● Source material:
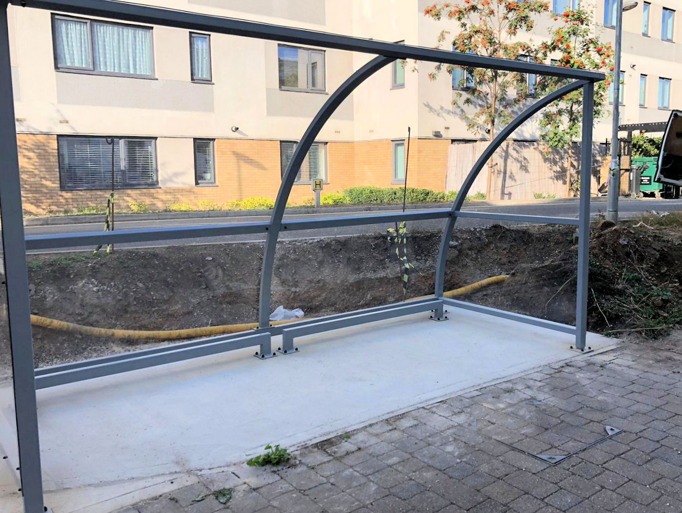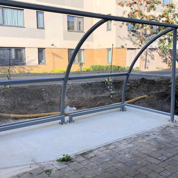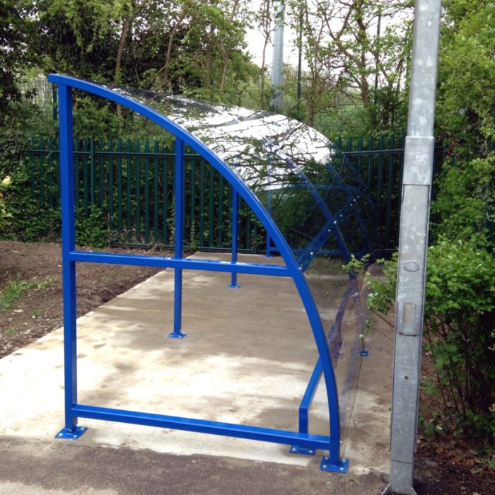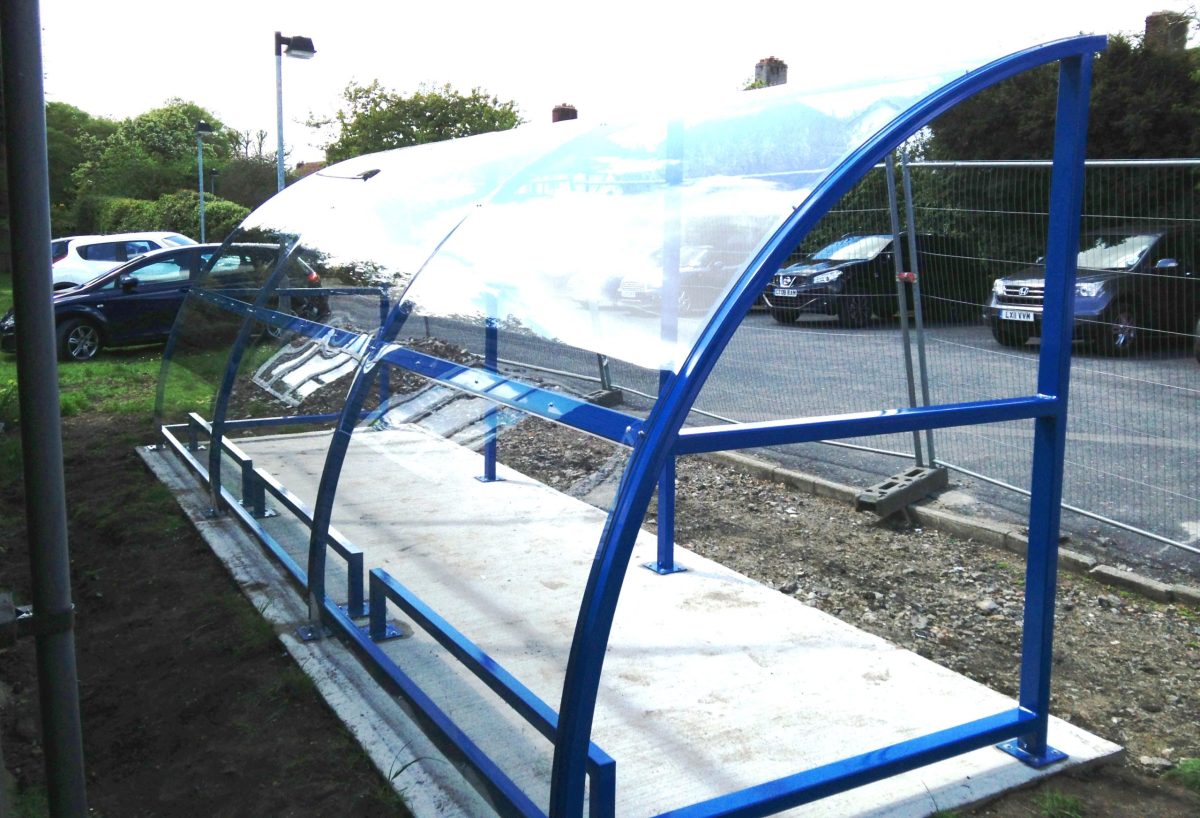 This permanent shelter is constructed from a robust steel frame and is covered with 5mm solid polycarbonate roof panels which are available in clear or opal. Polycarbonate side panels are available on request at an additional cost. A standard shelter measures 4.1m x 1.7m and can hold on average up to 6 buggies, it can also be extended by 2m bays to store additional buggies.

...

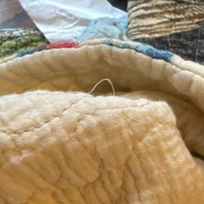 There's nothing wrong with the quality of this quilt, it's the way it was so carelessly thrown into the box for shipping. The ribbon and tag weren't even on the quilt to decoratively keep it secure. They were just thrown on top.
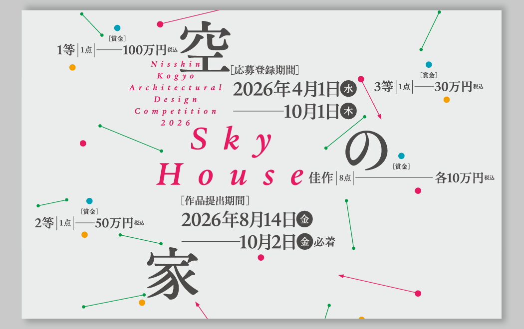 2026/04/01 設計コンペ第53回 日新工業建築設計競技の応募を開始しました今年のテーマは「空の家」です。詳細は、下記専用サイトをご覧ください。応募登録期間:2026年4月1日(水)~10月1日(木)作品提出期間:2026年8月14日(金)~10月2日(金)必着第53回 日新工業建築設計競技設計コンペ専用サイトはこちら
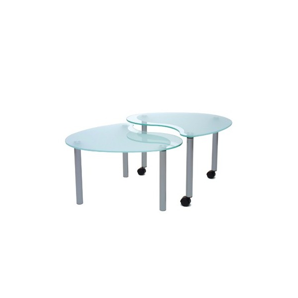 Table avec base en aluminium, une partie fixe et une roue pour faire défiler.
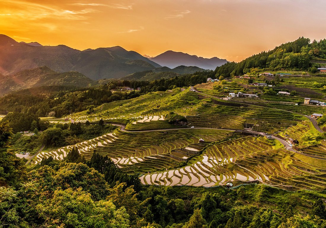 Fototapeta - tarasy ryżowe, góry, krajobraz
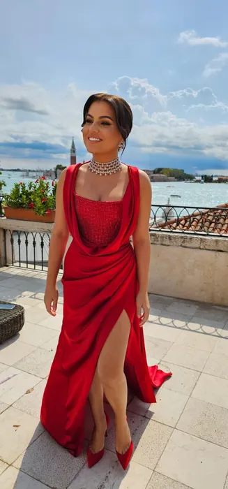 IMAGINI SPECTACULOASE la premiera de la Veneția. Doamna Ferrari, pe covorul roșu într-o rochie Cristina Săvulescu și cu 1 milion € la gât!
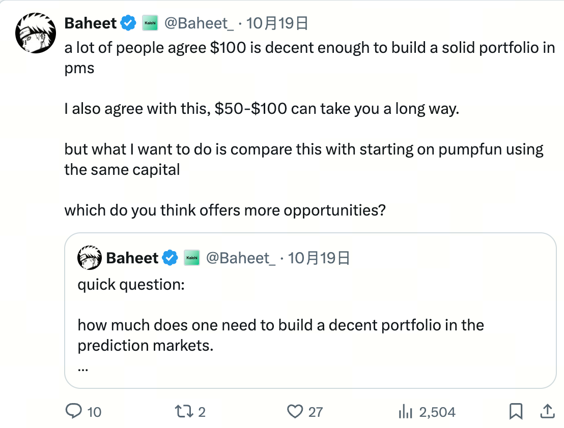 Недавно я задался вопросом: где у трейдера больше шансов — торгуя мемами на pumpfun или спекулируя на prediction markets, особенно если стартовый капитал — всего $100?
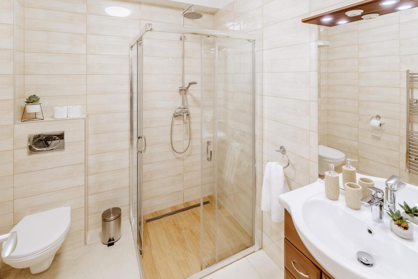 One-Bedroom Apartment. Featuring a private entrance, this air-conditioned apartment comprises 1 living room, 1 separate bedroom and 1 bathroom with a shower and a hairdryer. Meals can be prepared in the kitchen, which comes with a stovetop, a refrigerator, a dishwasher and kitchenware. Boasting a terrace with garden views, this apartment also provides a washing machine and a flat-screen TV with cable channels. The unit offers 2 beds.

● Problem requirements:
Word for word, restate the lines above from the one with "Недавно я задался" through the one with "One-Bedroom Apartment. Featuring", keeping both ends and dropping the pictures.

● Solution for this problem:
 Недавно я задался вопросом: где у трейдера больше шансов — торгуя мемами на pumpfun или спекулируя на prediction markets, особенно если стартовый капитал — всего $100?
 One-Bedroom Apartment. Featuring a private entrance, this air-conditioned apartment comprises 1 living room, 1 separate bedroom and 1 bathroom with a shower and a hairdryer. Meals can be prepared in the kitchen, which comes with a stovetop, a refrigerator, a dishwasher and kitchenware. Boasting a terrace with garden views, this apartment also provides a washing machine and a flat-screen TV with cable channels. The unit offers 2 beds.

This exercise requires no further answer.